What is the gift tax?

The gift tax is a federal tax on transfers of money or property to other people who are getting nothing (or less than full value) in return. It is typically paid by the giver, not the recipient.

The IRS places limits on how much you can gift someone each year. If you exceed the annual limit, you must report it on a tax return, and the excess of your contribution will be added toward your lifetime gift limit. Once you exhaust your lifetime exclusion, you may begin to owe gift taxes.

Is the gift tax deductible?

Gifts of cash or property to family or friends are not tax deductible. Only charitable donations to qualified nonprofits may be tax deductible.

Gift tax limit 2022

The gift tax limit for 2022 was $16,000. This amount, formally called the gift tax exclusion, is the maximum amount you can give a single person without reporting it to the IRS.

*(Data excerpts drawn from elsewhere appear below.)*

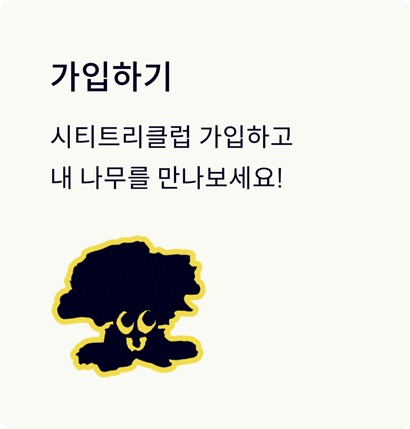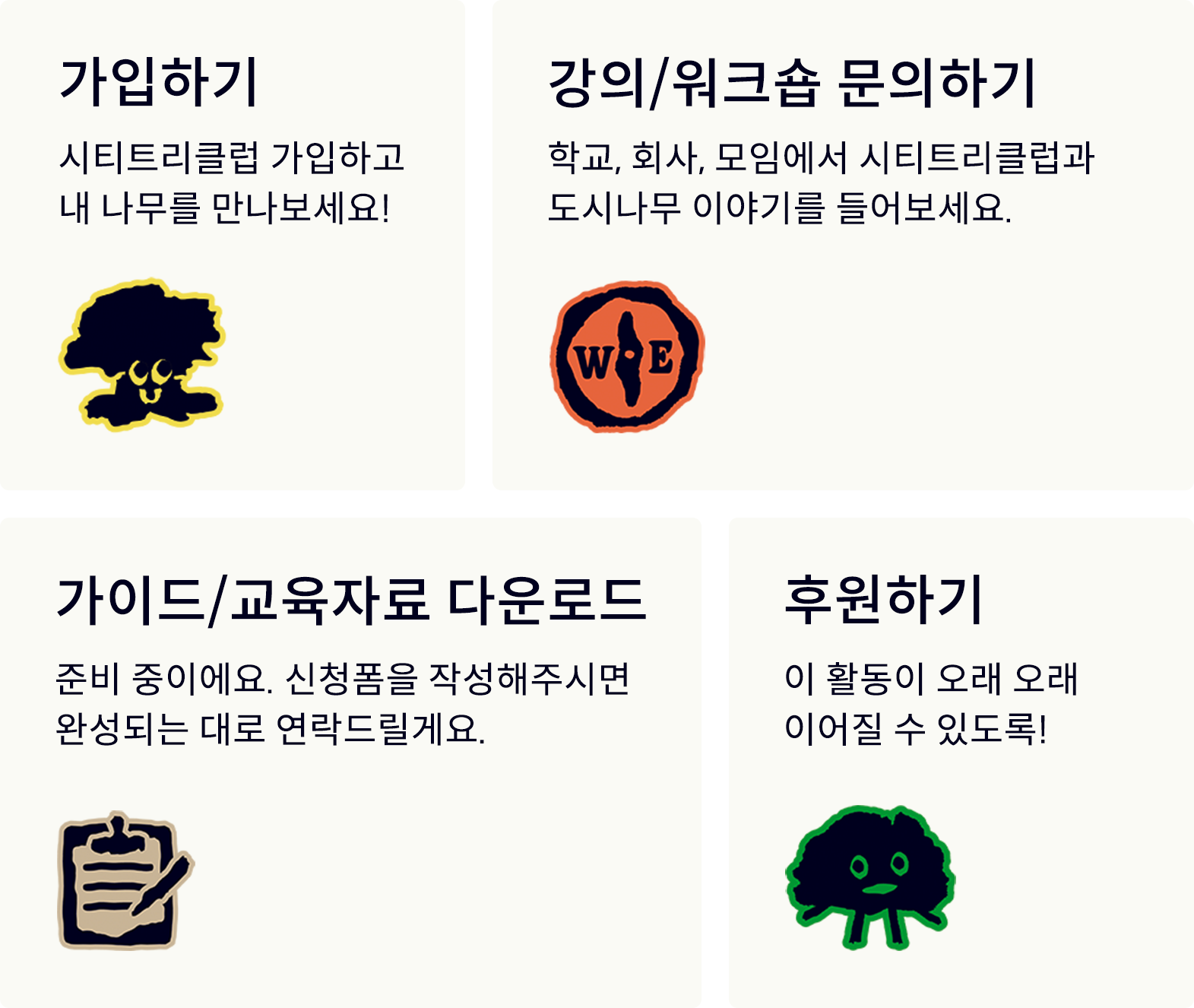 시티트리클럽과 함께해요 / 가입하기 / 시티트리클럽 가입하고 내 나무를 만나보세요! / 강의/워크숍 문의하기 / 학교, 회사, 모임에서 시티트리클럽과 도시나무 이야기를 들어보세요 / 가이드/교육자료 다운로드 / 준비중이에요. 신청폼을 작성해주시면 완성되는 대로 연삭드릴게요. / 후원하기 / 이 활동이 오래오래 이어질 수 있도록!
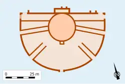 Excavations conducted in 2015 and a radar survey undertaken in 2020 largely corroborated and refined the descriptions established from the 17th and 19th-century surveys.[8] The performance building, which is in fact an arena theater, is situated in a manner that largely conforms to the slope of a valley, in accordance with its bowl shape.[96] Its diameter has been reevaluated to 72.7 meters.[97] The structure appears to be entirely built in small limestone masonry, without the use of architectural terracotta.[98] Its cavea is semicircular, extended by two corridors separating it from the stage wall, but no trace of the previously mentioned precincts is visible. The orchestra is a complete ellipse with a major axis measuring 24.2 meters and a minor axis measuring 23.2 meters. The five vomitoria exhibit a variable length according to the level of the cavea they serve. An edicule, which is likely an honor box, is positioned axially in contact with the orchestra.[99]
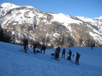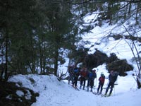 Après les cabanes de Laga de Haut et Laga de Baigt,submergées de neige, nous pénétrons dans le bois, sur le sentier du Gourzy qui nous amène, souvent, de façon acrobatique, derrière le Casino des Eaux Bonnes. Il est 17 h, nous sommes satisfaits, tout le monde a suivi, malgré, les imprévus de cette course.
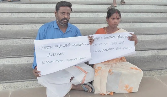 மயிலாடுதுறை மாவட்டம் குத்தாலத்தை அடுத்த திருமணஞ்சேரி கிராமத்தை சேர்ந்தவர் சுந்தரபாஸ்கர்-மகாலட்சுமி தம்பதியினர். இவரது 15 வயது மகள் அரசு பள்ளி ஒன்றில் 11-ஆம் வகுப்பு படித்து வந்தார். இவர் கடந்த 3-ஆம் பள்ளிக்குச் சென்றவர் இரவு வரை வீடு திரும்பாததால், மறுநாள் குத்தாலம் காவல் நிலையத்தில் புகார் அளித்துள்ளனர். இதுகுறித்து, போலீஸார் வழக்குப்பதிவு செய்து விசாரணை நடத்தி வருகின்றனர். இதனிடையே மயிலாடுதுறை வட்டம் மணல்மேடு காவல் நிலைய எல்லைக்கு உட்பட்ட வக்காரமாரியை சேர்ந்த கணேசன் மகன் மகேஷ் என்பவர் சிறுமியை ஆசை வார்த்தைகள் கூறி, கடத்திச் சென்றது பெற்றோருக்கு தெரியவந்துள்ளது. இதுகுறித்து, குத்தாலம் காவல் நிலையத்திலும், மயிலாடுதுறை டிஎஸ்பி அலுவலகத்திலும் தெரியப்படுத்தி ஒருவாரமாகியும் எந்த நடவடிக்கையும் எடுக்கப்படவில்லை என்பதோடு, சிறுமி குறித்து விபரம் எதுவும் அறியப்படவில்லை. இதனால், வேதனை அடைந்த பெற்றோர் மயிலாடுதுறை மாவட்ட ஆட்சியர் அலுவலகம் முன்பு கோரிக்கை விளக்க பதாகையுடன் இன்று தர்னா போராட்டத்தில் ஈடுபட்டனர். அவர்களை ஆட்சியரக அதிகாரிகள் சமரசம் செய்து மாவட்ட ஆட்சியரிடம் அழைத்துச் சென்றனர். மனுவைப் பெற்றுக்கோண்டு தகவல் கேட்டறிந்த மாவட்ட ஆட்சியர் உடனடியாக காவல் துறையினருக்கு போன் செய்து பேசி, சிறுமியை மீட்க துரித நடவடிக்கை எடுக்க உத்தரவிட்டார்.

Keep in mind that even if you exceeded the exclusion and have to notify the IRS, you might not have to pay any taxes unless you have also gone beyond the additional lifetime gift tax exclusion. That limit was set at $12.09 million for 2022.

Gift tax limit 2023

The 2023 gift tax limit is $17,000. If you gift more than this amount during the year, you must file a federal gift tax return in 2024. The lifetime limit rises to $12.92 million in 2023.

What is the gift tax rate?

Gift tax rates range from 18% to 40%. There are, of course, exceptions and special rules for calculating the tax, so check the instructions to IRS Form 709 for all the details.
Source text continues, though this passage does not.